Mersin’de bulunan çiftçilerin yaşadıkları sorunların çözümü için Ziraat Odası başkanlarıyla birlikte Tarım ve Orman Bakanı İbrahim Yumaklı’ya iletmek üzere bir yılda defalarca randevu talebinde bulunduğunu fakat maalesef bir kez olsun randevu alamadıklarından dert yanan İYİ Parti Mersin Milletvekili Burhanettin Kocamaz, “Bu bakanlara milletvekilleri ulaşamıyorsa üreticiler nasıl ulaşacak? Sayın Başkan, değerli milletvekilleri; serbest piyasa Mersin çiftçisine zarar ettirmekte, kazançlarını ellerinden almakta ve çiftçi her yıl biraz daha yoksulluğa sürüklenmektedir” dedi.

 

Tarih : 29 Kasım 2024 Cuma 14:32

Necdet TAŞ

İYİ Parti Mersin Milletvekili Burhanettin Kocamaz ve 20 milletvekili tarafından Mersin'de bulunan çiftçilerin yaşadıkları sorunların araştırılarak bu sorunlara yönelik çözüm önerileri geliştirilmesi amacıyla 7 Aralık 2023 tarihinde Türkiye Büyük Millet Meclisi Başkanlığına verilmiş olan Meclis araştırması önergesinin diğer önergelerin önüne alınarak görüşmelerin 28 Kasım 2024 Perşembe günkü birleşiminde yapılması önerildi. Ancak öneri AK Parti ve MHP’li Milletvekillerinin oylarıyla reddedildi.

“MERSİN ÜRETİMDE YALNIZ BIRAKILIYOR”

Önergeyle ilgili konuşan Kocamaz, “Mersin ihracatta Türkiye'nin en büyük 7'nci ili, vergi tahakkuku ve tahsilatında da 6'ncı ili konumundadır. Mersin, dış ticaretteki bu başarısını tamamen tarımsal alanda yaratmış olduğu katma değere borçludur. Bu kapsamda, Mersin, ekonomiye önemli katkılar sağlamanın yanı sıra, tarımsal ürün çeşitliliği ve çiftçisinin göstermiş olduğu büyük gayret ve fedakârlık bakımından da birçok ilimiz için örnek teşkil edecek bir konuma ulaşmıştır. Akdeniz havzasında yer alan Mersin, Türkiye sebze ve meyve üretimi içerisinde sahip olduğu yüzde 6,6'lık payla 3'üncü sırada, meyve üretiminde ise yüzde 13'lük payla 1'inci sırada yer almaktadır.

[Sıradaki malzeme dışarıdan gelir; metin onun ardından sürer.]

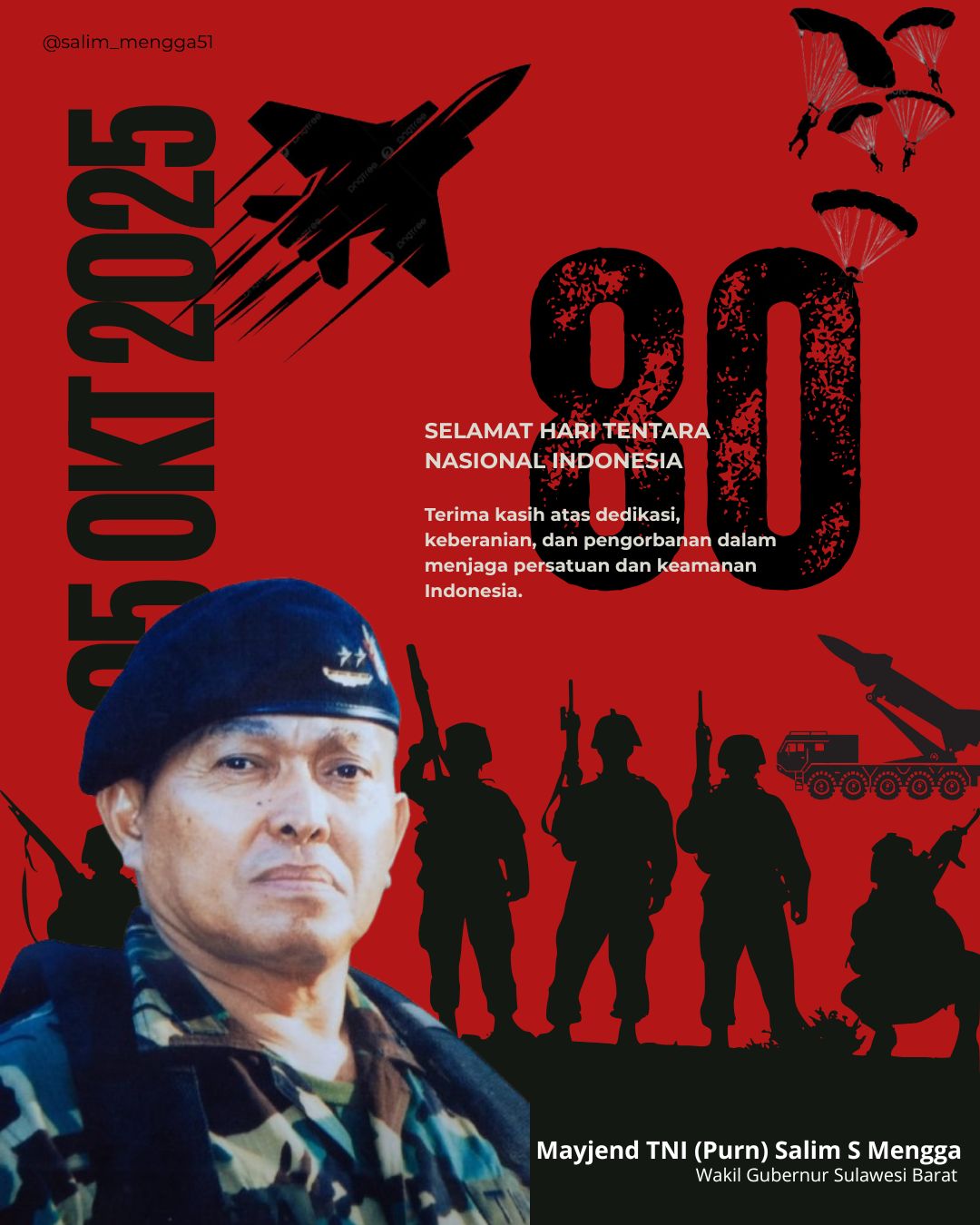 Mediatha.Com,Mamuju—Wakil Gubernur Sulawesi Barat, Mayjen TNI (Purn) Salim S Mengga, menyampaikan ucapan selamat dan apresiasi mendalam kepada seluruh prajurit Tentara Nasional Indonesia (TNI) yang merayakan Hari Ulang Tahun ke-80, Sabtu (5/10/2025).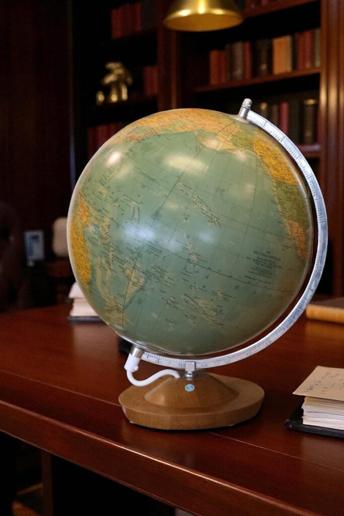 Troligen den mest vackra lampan man kan tänka sig och tack vare att globen är i glas finns inga vågräta skarvar på kartan!

Mersin, örtü altı tarım alanları ve üretim miktarlarıyla 2'nci büyük il konumunda, yaş meyve ve sebze ihracatıyla da Türkiye'deki toplam sebze meyve ihracatının dörtte 1'ini karşılamaktadır. Mersin; arazi yapısı, tarımsal çeşitlilik bakımından, özellikle de meyve sebze üretiminde ülke ekonomisine önemli katkı sağlamaktadır. Elverişli tarım yapısı, bitkisel üretimde sulu tarımın yaygınlığı, iklim koşulları ve gelişmiş altyapısıyla yüksek katma değerli ürünler yetiştirmektedir. Görüldüğü gibi Mersin çiftçisi, üzerine düşen görevi fazlasıyla ve özveriyle yapmakta, buna rağmen üretirken de ürettikten sonra da yalnız bırakılmaktadır. Burada üzerine düşen görevi yapmayan sadece iktidardır. İktidar ve uygulamış olduğu politikalar, yüksek girdilere karşı çiftçileri perişan ediyor, hayatından bezdiriyor” dedi.

“BU SENE BİRÇOK ÜRÜN PARA ETMİYOR”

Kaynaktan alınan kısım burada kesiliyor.